### Raw data

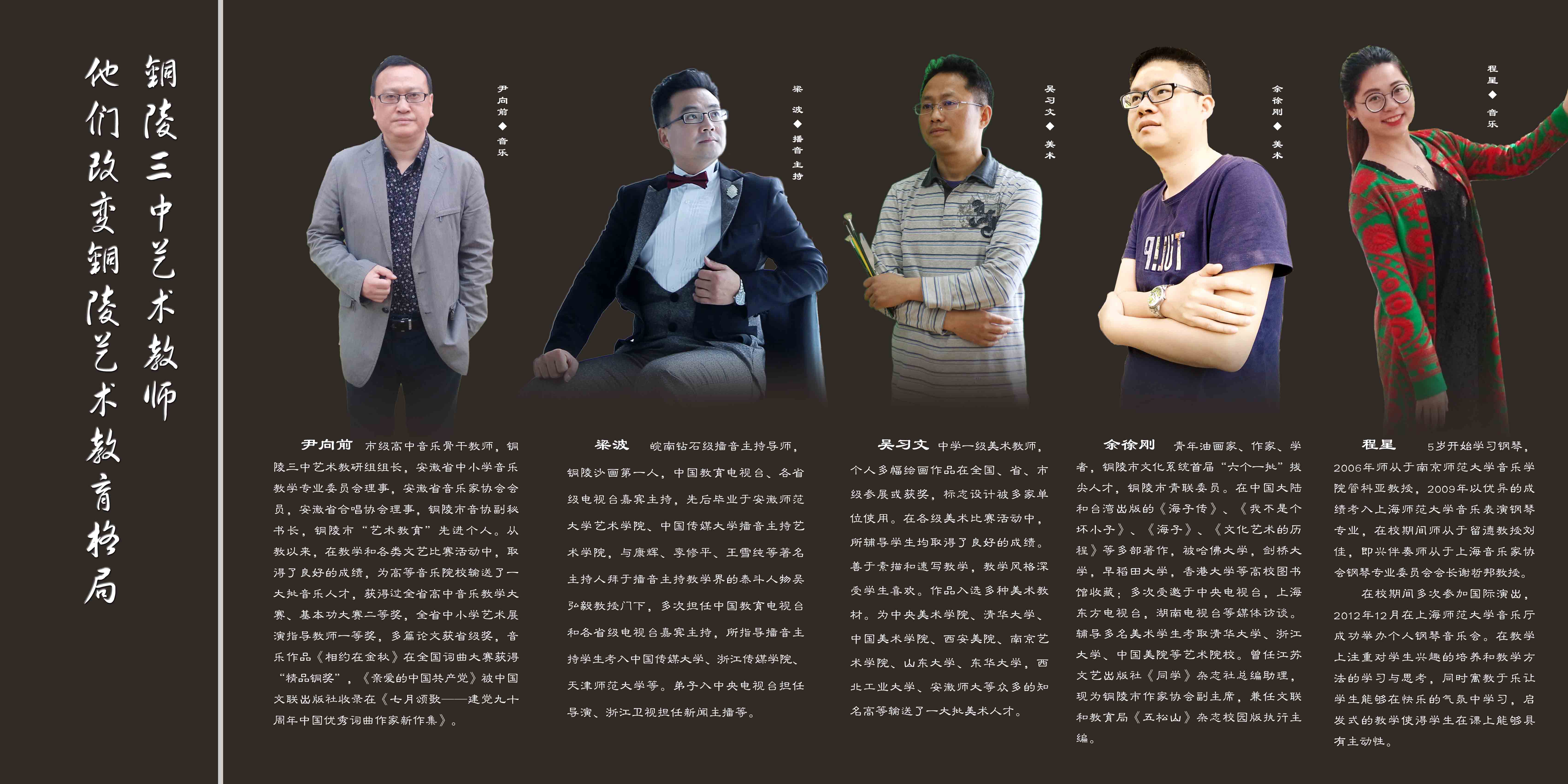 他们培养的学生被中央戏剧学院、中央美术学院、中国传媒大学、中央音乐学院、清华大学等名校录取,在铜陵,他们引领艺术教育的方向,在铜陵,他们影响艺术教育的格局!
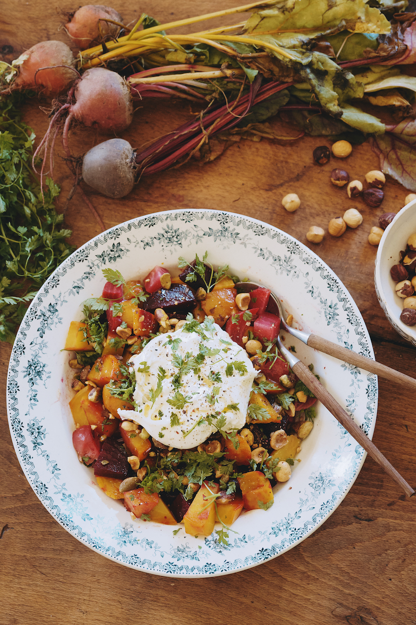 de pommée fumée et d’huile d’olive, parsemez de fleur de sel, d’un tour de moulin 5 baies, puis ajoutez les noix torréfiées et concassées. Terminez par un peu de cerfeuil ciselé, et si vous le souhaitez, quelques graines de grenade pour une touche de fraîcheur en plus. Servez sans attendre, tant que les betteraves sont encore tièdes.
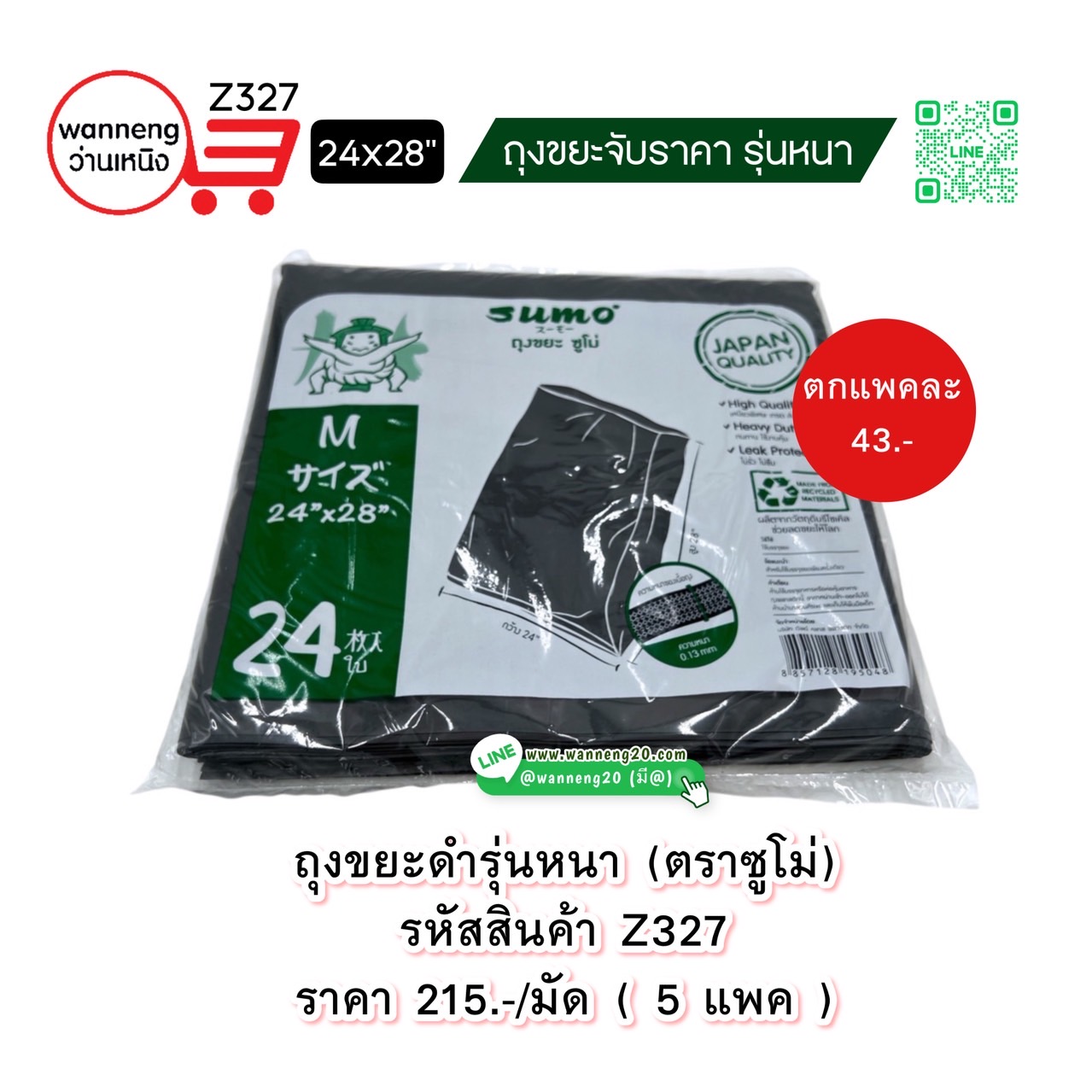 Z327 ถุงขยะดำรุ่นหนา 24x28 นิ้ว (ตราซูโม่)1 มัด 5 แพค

######

*What is being asked*: Reproduce the lines from the one with "de pommée fumée" through the end of the data, keeping both end lines, adding nothing, and dropping any pictures.

*Output of the task*:
 de pommée fumée et d’huile d’olive, parsemez de fleur de sel, d’un tour de moulin 5 baies, puis ajoutez les noix torréfiées et concassées. Terminez par un peu de cerfeuil ciselé, et si vous le souhaitez, quelques graines de grenade pour une touche de fraîcheur en plus. Servez sans attendre, tant que les betteraves sont encore tièdes.
 Z327 ถุงขยะดำรุ่นหนา 24x28 นิ้ว (ตราซูโม่)1 มัด 5 แพค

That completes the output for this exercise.